• Dataset excerpt:
---------------
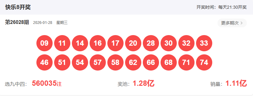 首先我们看下上期开奖结果快乐8第26020期开奖结果:09  11  14  16  17  20  28  30  32  33  46  51  54  57  58  62  66  68  71  74 ,和值为:817,大小比:10:10,四区6:4:5:5,出了三组两连号,分别是:16+17,32+33,57+58,直连重号出了6个,分别是:14, 28,51,58,62,71,其中58为五连重号,51为四连重号,14,62,71为三连重号,28为两连重号,我们把01-40分为前区,41-80分为后区, 则大小号一样,间隔10期未开出的冷号46开出,其余均为热号和温热号。
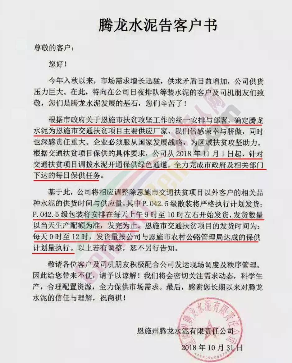 同一天,湖北恩施騰龍水泥告知下游客戶(hù),今年入秋以來(lái)市場(chǎng)需求增長(zhǎng)迅猛,供求矛盾日益增加,公司供貨壓力巨大。同時(shí),根據(jù)市政府關(guān)于恩施市扶貧攻堅(jiān)工作的統(tǒng)一安排與部署,確定騰龍水泥為恩施市交通扶貧項(xiàng)目主要供應(yīng)廠(chǎng)家,為保證交通扶貧項(xiàng)目從2018年11月1日起,針對(duì)交通扶貧項(xiàng)目調(diào)拔水泥開(kāi)通保供綠色通道,全力完成市政府及相關(guān)部門(mén)下達(dá)的每日保供任務(wù)。
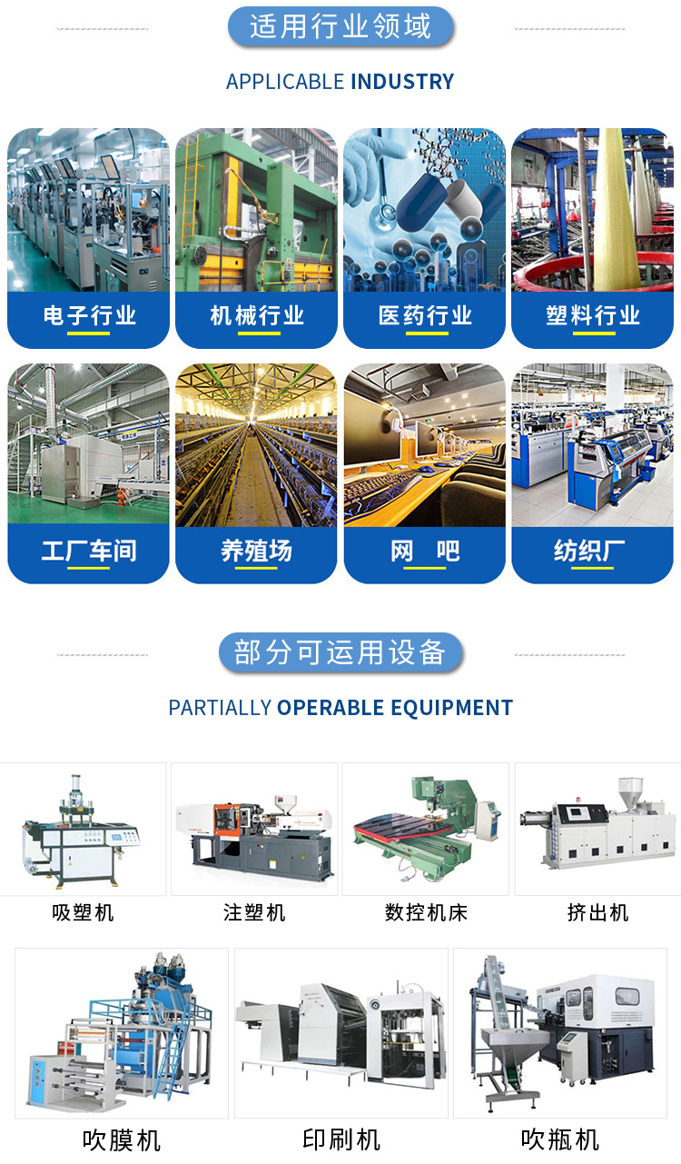 応用分野 工場、デパート、オフィス、プラスチック工業、メッキ工業、食品業、漂白業、化学工業、射出業
---------------
• Exercise goal:
Omit the pictures and write out exactly the lines from the one containing "同一天,湖北恩施騰龍水泥告知" through the last line of the material.

• Output below:
 同一天,湖北恩施騰龍水泥告知下游客戶(hù),今年入秋以來(lái)市場(chǎng)需求增長(zhǎng)迅猛,供求矛盾日益增加,公司供貨壓力巨大。同時(shí),根據(jù)市政府關(guān)于恩施市扶貧攻堅(jiān)工作的統(tǒng)一安排與部署,確定騰龍水泥為恩施市交通扶貧項(xiàng)目主要供應(yīng)廠(chǎng)家,為保證交通扶貧項(xiàng)目從2018年11月1日起,針對(duì)交通扶貧項(xiàng)目調(diào)拔水泥開(kāi)通保供綠色通道,全力完成市政府及相關(guān)部門(mén)下達(dá)的每日保供任務(wù)。
 応用分野 工場、デパート、オフィス、プラスチック工業、メッキ工業、食品業、漂白業、化学工業、射出業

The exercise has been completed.